ABOUT THIS TASK: Exactly the lines below from the line with "Mexen Vito vienasistabas" through the line with "Elegantní stojan na" must make up the answer, both ends included and pictures left out.

PROVIDED DATA:
****************************************

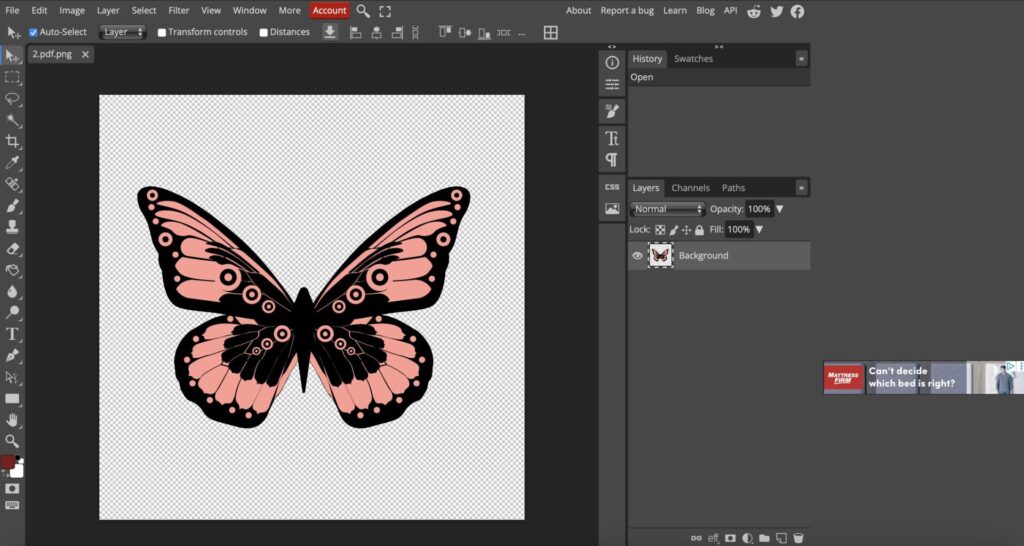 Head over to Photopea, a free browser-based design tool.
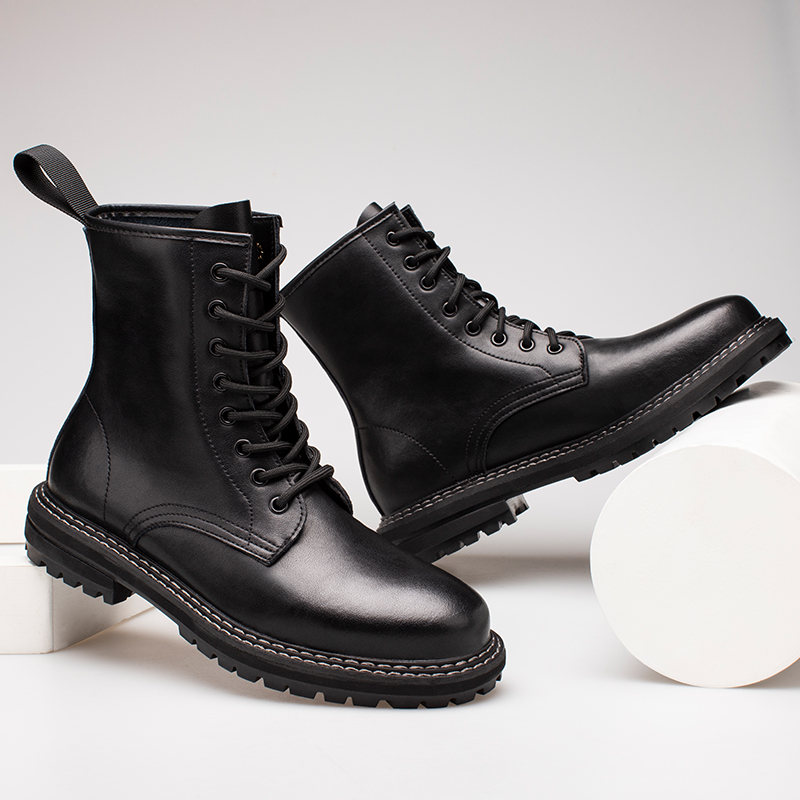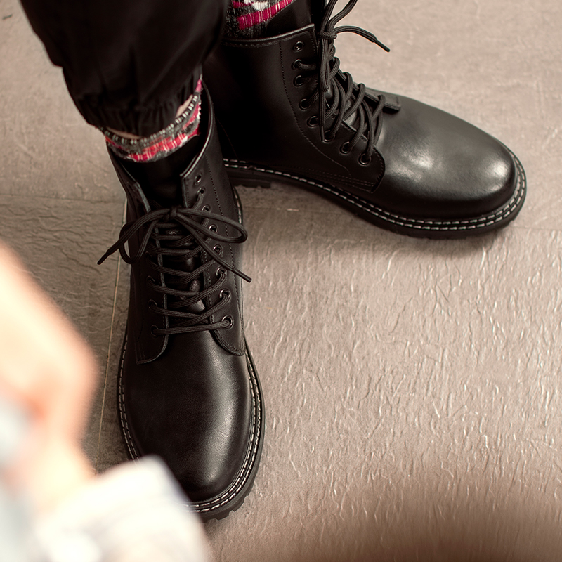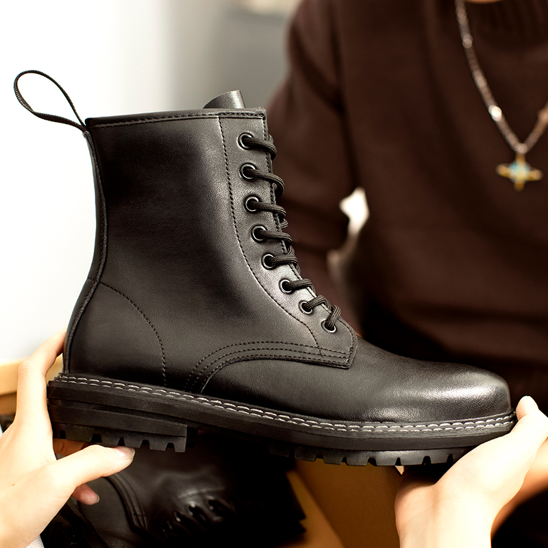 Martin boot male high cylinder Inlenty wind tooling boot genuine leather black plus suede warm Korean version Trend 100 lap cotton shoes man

****************************************

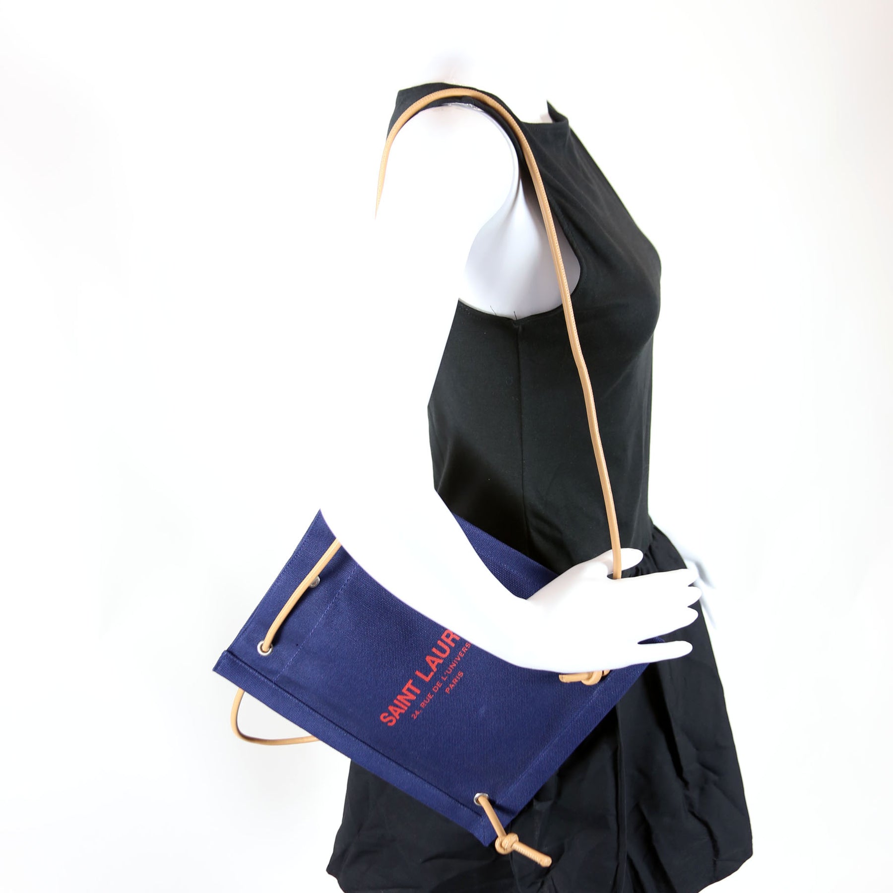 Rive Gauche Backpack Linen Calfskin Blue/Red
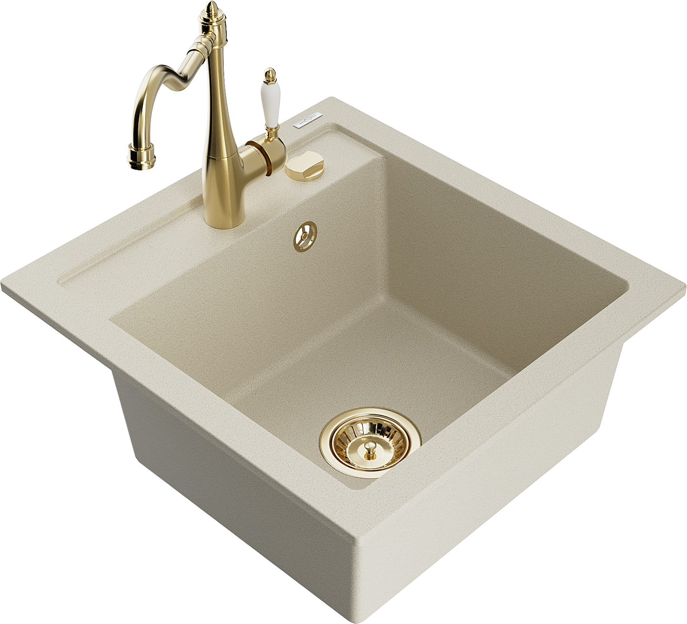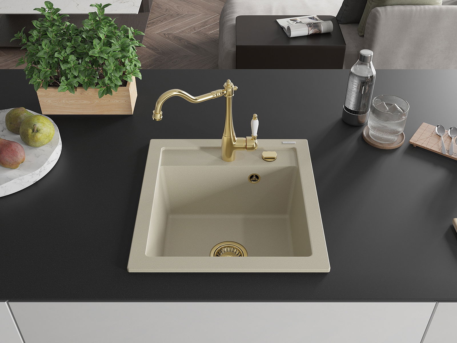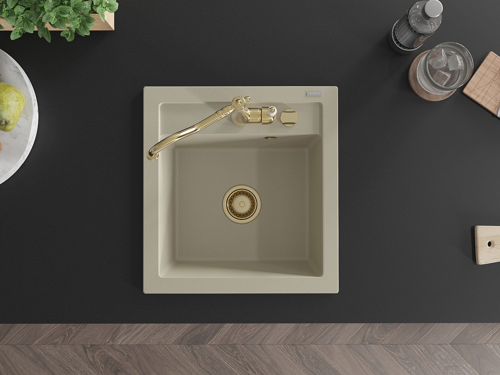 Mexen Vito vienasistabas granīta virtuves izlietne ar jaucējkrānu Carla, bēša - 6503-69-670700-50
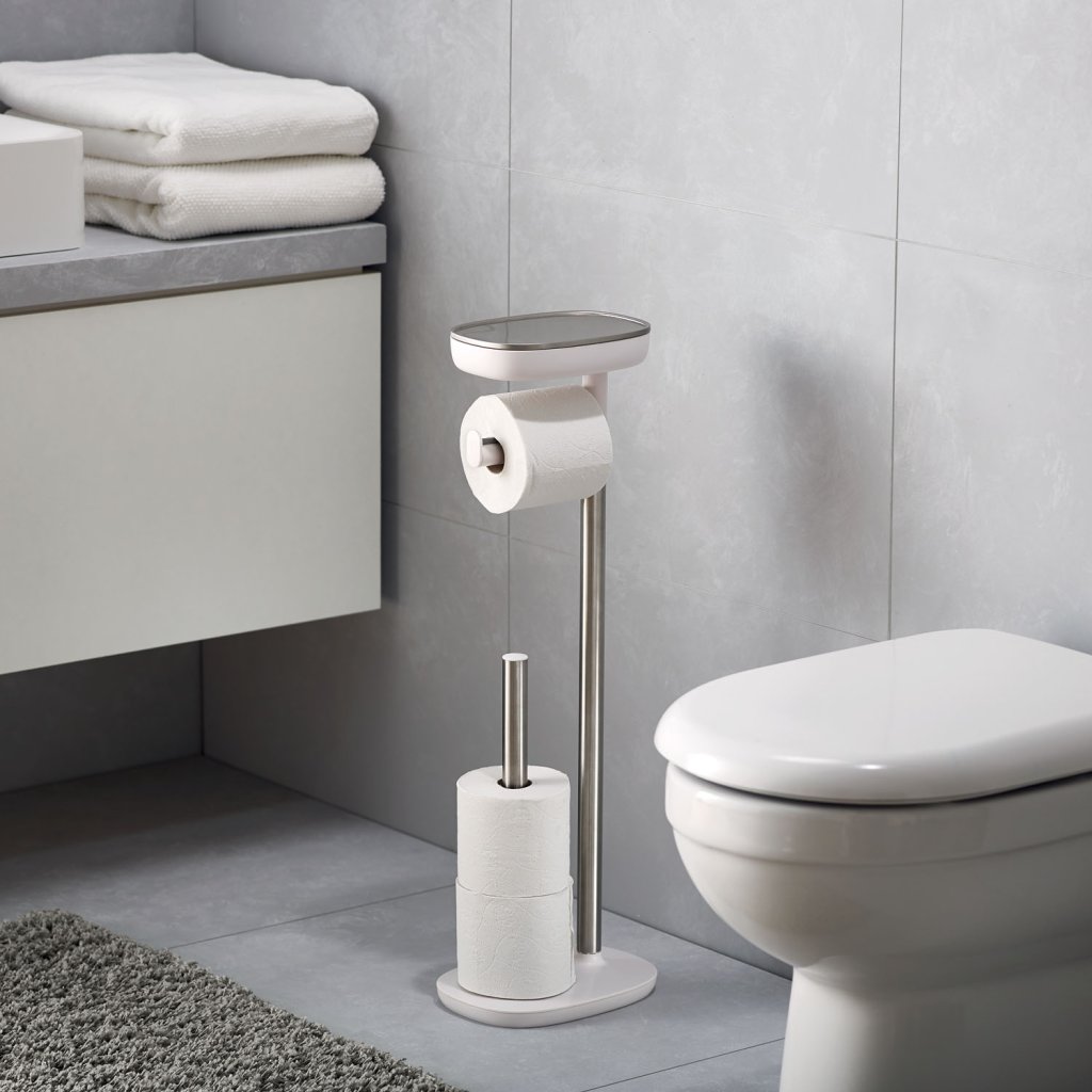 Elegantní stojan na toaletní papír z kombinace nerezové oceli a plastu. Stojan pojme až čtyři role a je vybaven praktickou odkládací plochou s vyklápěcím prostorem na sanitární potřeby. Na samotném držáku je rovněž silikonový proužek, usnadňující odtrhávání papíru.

****************************************

RESPONSE BELOW:
 Mexen Vito vienasistabas granīta virtuves izlietne ar jaucējkrānu Carla, bēša - 6503-69-670700-50
 Elegantní stojan na toaletní papír z kombinace nerezové oceli a plastu. Stojan pojme až čtyři role a je vybaven praktickou odkládací plochou s vyklápěcím prostorem na sanitární potřeby. Na samotném držáku je rovněž silikonový proužek, usnadňující odtrhávání papíru.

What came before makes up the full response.